Correct any violations promptly. Failure to promptly and adequately address this matter may result in regulatory or legal action without further notice including, without limitation, seizure, and injunction. Unresolved violations may also prevent other Federal agencies from awarding contracts.
Failure to address violations may also cause FDA to withhold issuance of Export Certificates. FDA may withhold approval of new applications or supplements listing your firm as a drug manufacturer until any violations are completely addressed and we confirm your compliance with CGMP. We may re-inspect to verify that you have completed corrective actions to address any violations.

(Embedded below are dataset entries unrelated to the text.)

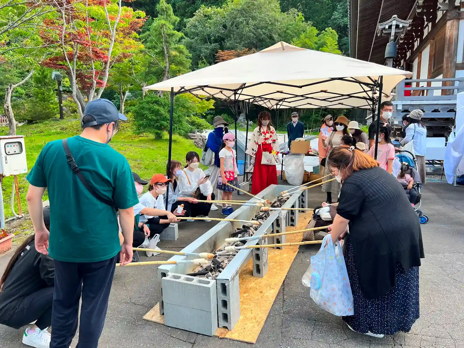 金堂の前では参加型の出店をやっていて、皆さん真剣にパンのようなものを焼いている。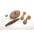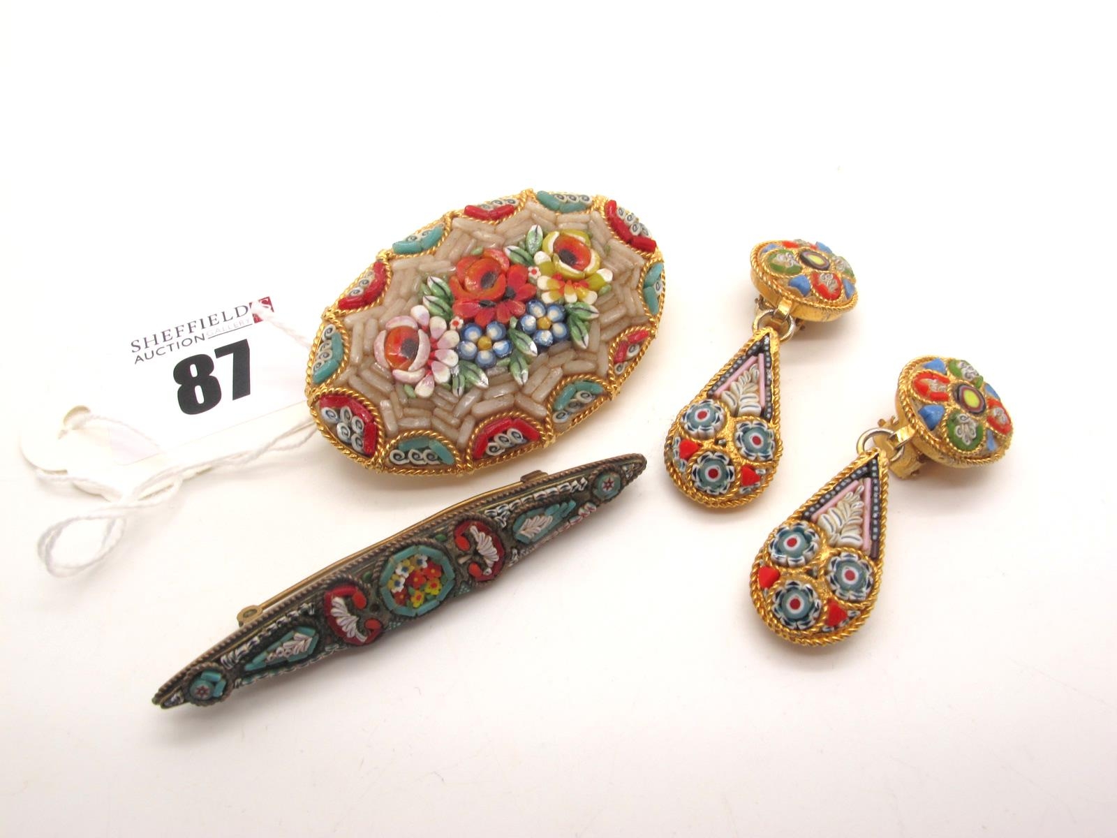 A Vintage Micromosaic Bar Brooch, together with a gilt metal oval micromosaic brooch and pair of (unpierced) clip on drop earrings.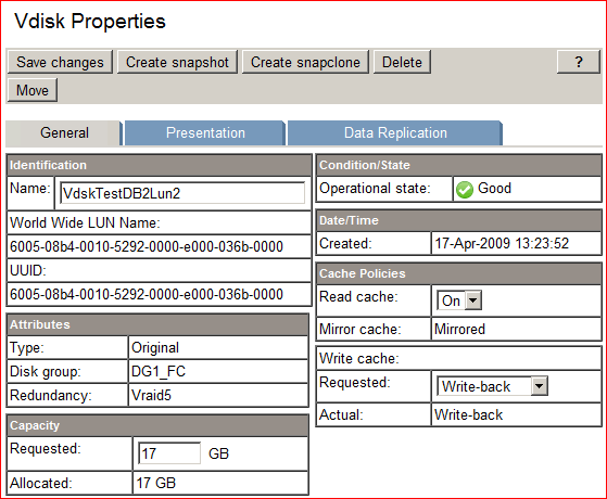 - Select Storage array, Select vdisk.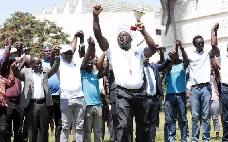 Universities Staff Unions members and UoN lecturers during the start of their strike at the UoN Nairobi campus on September 17, 2025 accusing the Government for not honouring their agreed CBA.[Boniface Okendo, Standard]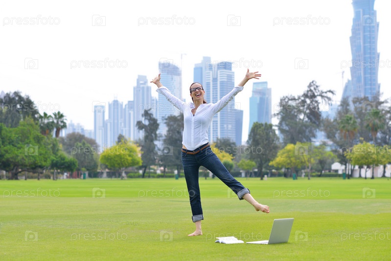 Женщина с ноутбуком в парке

This letter notifies you of our findings and provides you an opportunity to address the above deficiencies. After you receive this letter, respond to this office in writing within 15 working days. Specify what you have done to address any violations and to prevent their recurrence. In response to this letter, you may provide additional information for our consideration as we continue to assess your activities and practices. If you cannot complete corrective actions within 15 working days, state your reasons for delay and your schedule for completion.
Your response should refer to Case # 660268. Please address your reply via email to: ORAPHARM3_RESPONSES@fda.hhs.gov
Attention: Brian Nicholson, Compliance Officer
U.S. Food and Drug Administration
Division of Pharmaceutical Quality Operations Division III
If you have questions regarding the contents of this letter, please contact Compliance Officer, Brian Nicholson at (630) 207-9337.
Nicholas F. Lyons
Director of Compliance
Division of Pharmaceutical Quality Operations III
Jeffrey D. Meng
Program Division Director
Division of Pharmaceutical Quality Operations III
Kaoni N. Rhodes
Regional Health, Safety, Quality and Environmental Manager
Brenntag Great Lakes, LLC
4420 N. Harley Davidson Avenue
Wauwatosa, WI 53225
1 i.e., Quality System, Facilities & Equipment System, Materials System, Production System, Packaging & Labeling System, and Laboratory Control System per FDA’s guidance document Quality Systems Approach to Pharmaceutical CGMP Regulations.